Problem |
An exact reproduction of the data below is expected, free of images.

*** Block opens ***

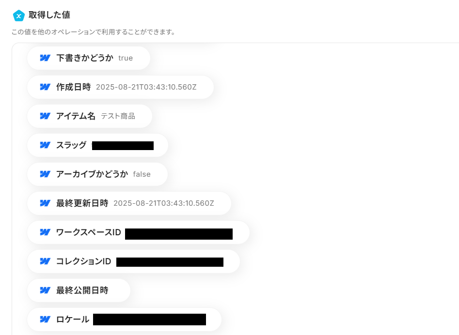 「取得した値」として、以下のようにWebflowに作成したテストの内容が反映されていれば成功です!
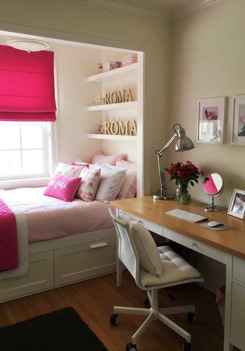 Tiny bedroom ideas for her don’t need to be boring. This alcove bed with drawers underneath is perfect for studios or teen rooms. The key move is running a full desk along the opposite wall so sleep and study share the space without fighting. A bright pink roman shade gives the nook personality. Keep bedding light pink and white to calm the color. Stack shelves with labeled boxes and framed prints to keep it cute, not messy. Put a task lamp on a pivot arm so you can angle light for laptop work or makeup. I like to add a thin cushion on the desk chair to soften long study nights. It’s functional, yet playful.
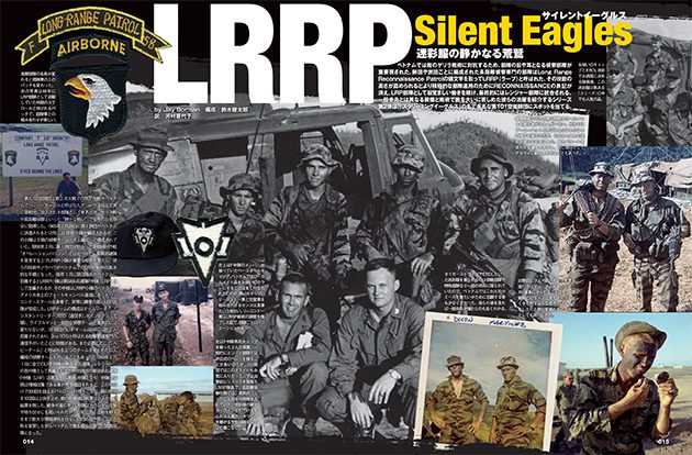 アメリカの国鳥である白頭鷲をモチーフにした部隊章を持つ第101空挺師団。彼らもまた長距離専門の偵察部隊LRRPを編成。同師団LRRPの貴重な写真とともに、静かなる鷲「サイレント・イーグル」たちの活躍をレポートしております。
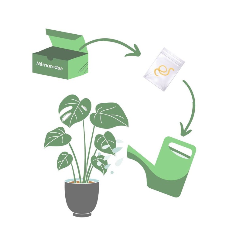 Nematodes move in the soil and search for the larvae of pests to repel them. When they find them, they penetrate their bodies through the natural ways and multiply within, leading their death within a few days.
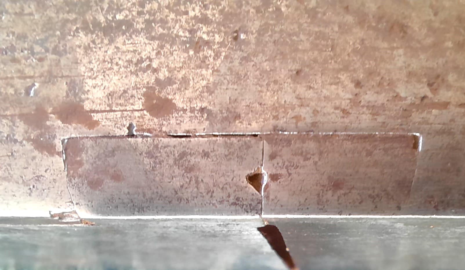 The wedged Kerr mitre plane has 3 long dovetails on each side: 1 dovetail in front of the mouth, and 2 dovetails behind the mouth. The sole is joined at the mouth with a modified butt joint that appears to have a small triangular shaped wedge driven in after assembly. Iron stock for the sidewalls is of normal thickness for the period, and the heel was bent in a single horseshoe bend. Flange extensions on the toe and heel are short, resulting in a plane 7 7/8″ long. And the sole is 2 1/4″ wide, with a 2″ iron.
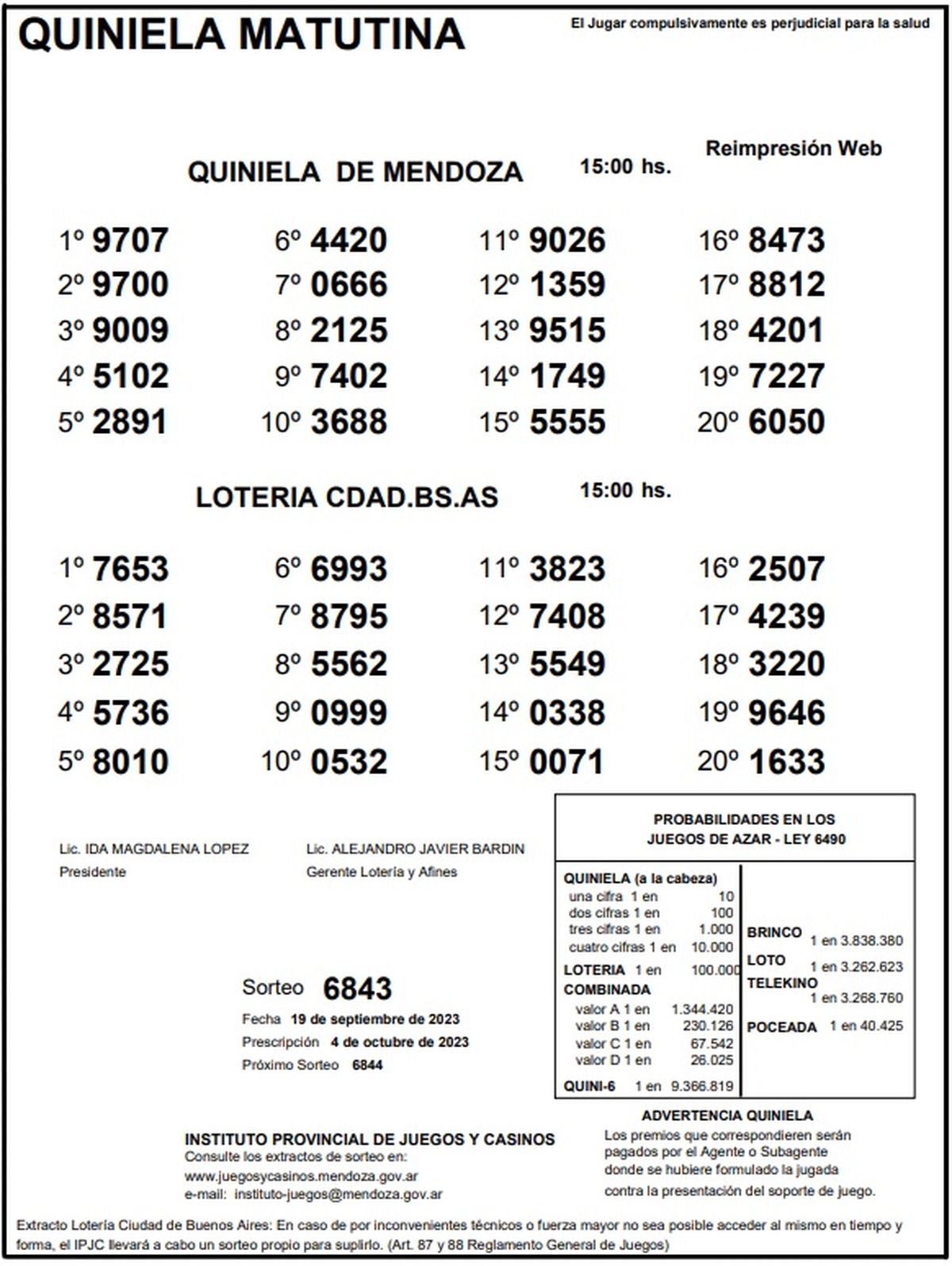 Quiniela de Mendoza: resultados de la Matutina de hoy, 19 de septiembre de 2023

*** Block closes ***

Written reply |
 「取得した値」として、以下のようにWebflowに作成したテストの内容が反映されていれば成功です!
 Tiny bedroom ideas for her don’t need to be boring. This alcove bed with drawers underneath is perfect for studios or teen rooms. The key move is running a full desk along the opposite wall so sleep and study share the space without fighting. A bright pink roman shade gives the nook personality. Keep bedding light pink and white to calm the color. Stack shelves with labeled boxes and framed prints to keep it cute, not messy. Put a task lamp on a pivot arm so you can angle light for laptop work or makeup. I like to add a thin cushion on the desk chair to soften long study nights. It’s functional, yet playful.
 アメリカの国鳥である白頭鷲をモチーフにした部隊章を持つ第101空挺師団。彼らもまた長距離専門の偵察部隊LRRPを編成。同師団LRRPの貴重な写真とともに、静かなる鷲「サイレント・イーグル」たちの活躍をレポートしております。
 Nematodes move in the soil and search for the larvae of pests to repel them. When they find them, they penetrate their bodies through the natural ways and multiply within, leading their death within a few days.
 The wedged Kerr mitre plane has 3 long dovetails on each side: 1 dovetail in front of the mouth, and 2 dovetails behind the mouth. The sole is joined at the mouth with a modified butt joint that appears to have a small triangular shaped wedge driven in after assembly. Iron stock for the sidewalls is of normal thickness for the period, and the heel was bent in a single horseshoe bend. Flange extensions on the toe and heel are short, resulting in a plane 7 7/8″ long. And the sole is 2 1/4″ wide, with a 2″ iron.
 Quiniela de Mendoza: resultados de la Matutina de hoy, 19 de septiembre de 2023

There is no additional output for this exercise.